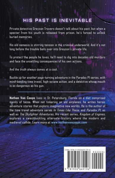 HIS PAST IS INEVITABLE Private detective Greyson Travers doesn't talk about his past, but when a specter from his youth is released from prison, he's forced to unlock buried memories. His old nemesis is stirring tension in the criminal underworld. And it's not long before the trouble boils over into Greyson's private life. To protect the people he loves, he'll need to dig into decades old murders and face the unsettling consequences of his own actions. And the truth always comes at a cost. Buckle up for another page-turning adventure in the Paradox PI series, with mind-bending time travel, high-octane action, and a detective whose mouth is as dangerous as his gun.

---

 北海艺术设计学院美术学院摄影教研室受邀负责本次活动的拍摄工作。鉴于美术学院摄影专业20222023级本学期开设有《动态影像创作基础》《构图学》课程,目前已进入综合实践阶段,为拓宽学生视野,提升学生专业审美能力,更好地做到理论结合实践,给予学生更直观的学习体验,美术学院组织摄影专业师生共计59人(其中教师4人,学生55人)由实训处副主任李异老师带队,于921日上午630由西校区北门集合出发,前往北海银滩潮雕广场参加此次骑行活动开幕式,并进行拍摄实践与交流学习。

==

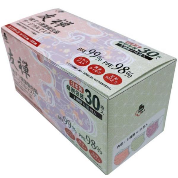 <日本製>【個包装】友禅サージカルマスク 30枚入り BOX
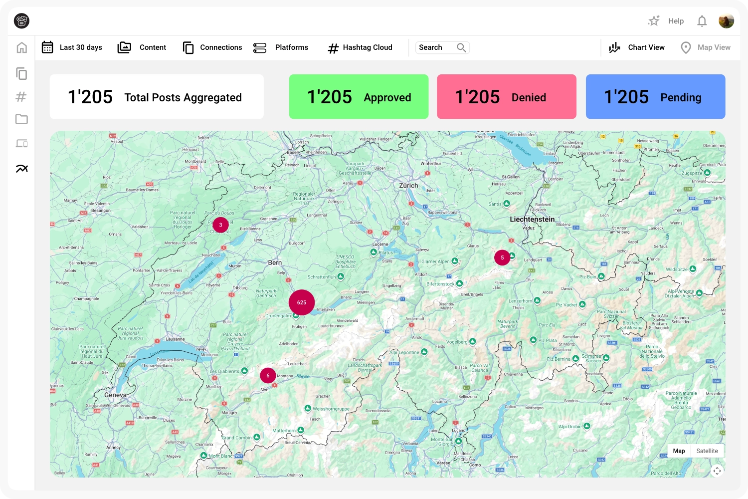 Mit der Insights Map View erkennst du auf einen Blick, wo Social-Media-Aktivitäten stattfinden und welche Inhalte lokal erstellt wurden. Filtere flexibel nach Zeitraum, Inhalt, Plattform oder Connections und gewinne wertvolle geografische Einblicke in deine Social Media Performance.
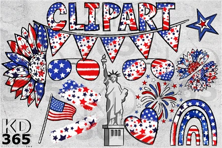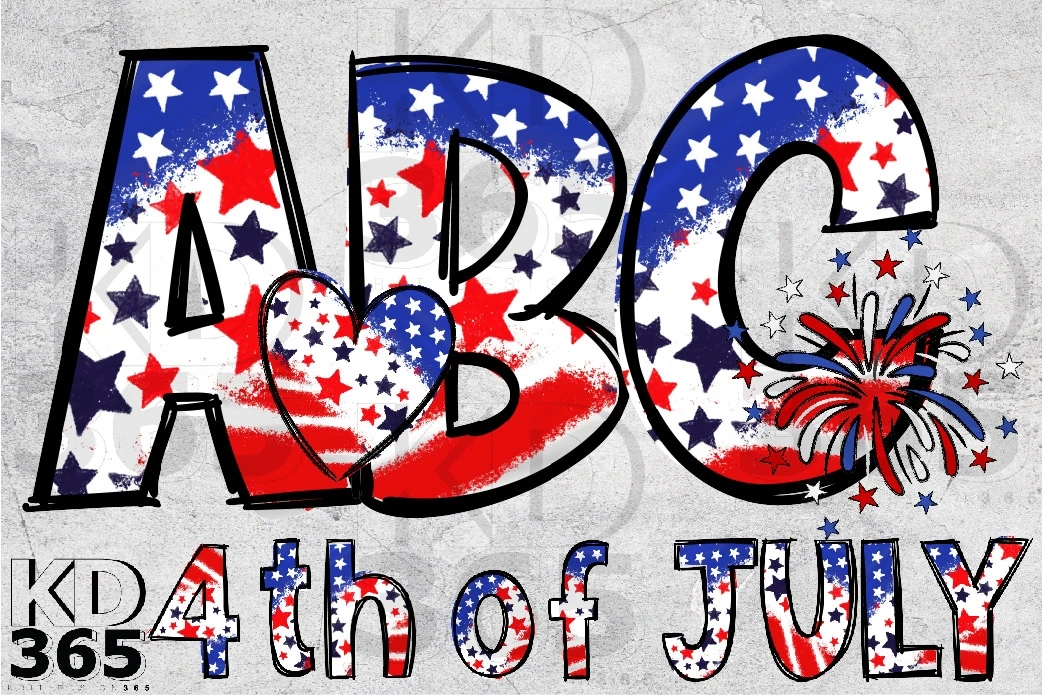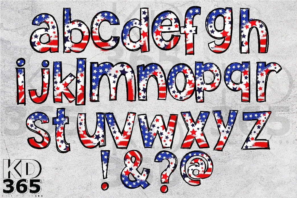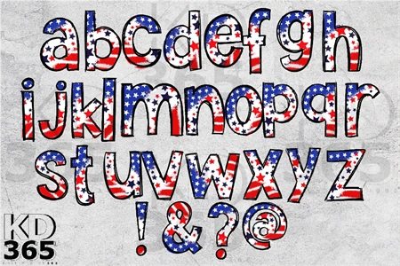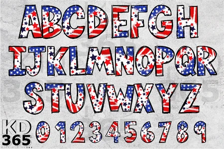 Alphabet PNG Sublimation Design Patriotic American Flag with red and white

TASK DIRECTIONS: With the pictures left out, write out exactly the lines above from the one containing "Mit der Insights" through the one containing "Alphabet PNG Sublimation".

ANSWER FOR THIS EXERCISE:
 Mit der Insights Map View erkennst du auf einen Blick, wo Social-Media-Aktivitäten stattfinden und welche Inhalte lokal erstellt wurden. Filtere flexibel nach Zeitraum, Inhalt, Plattform oder Connections und gewinne wertvolle geografische Einblicke in deine Social Media Performance.
 Alphabet PNG Sublimation Design Patriotic American Flag with red and white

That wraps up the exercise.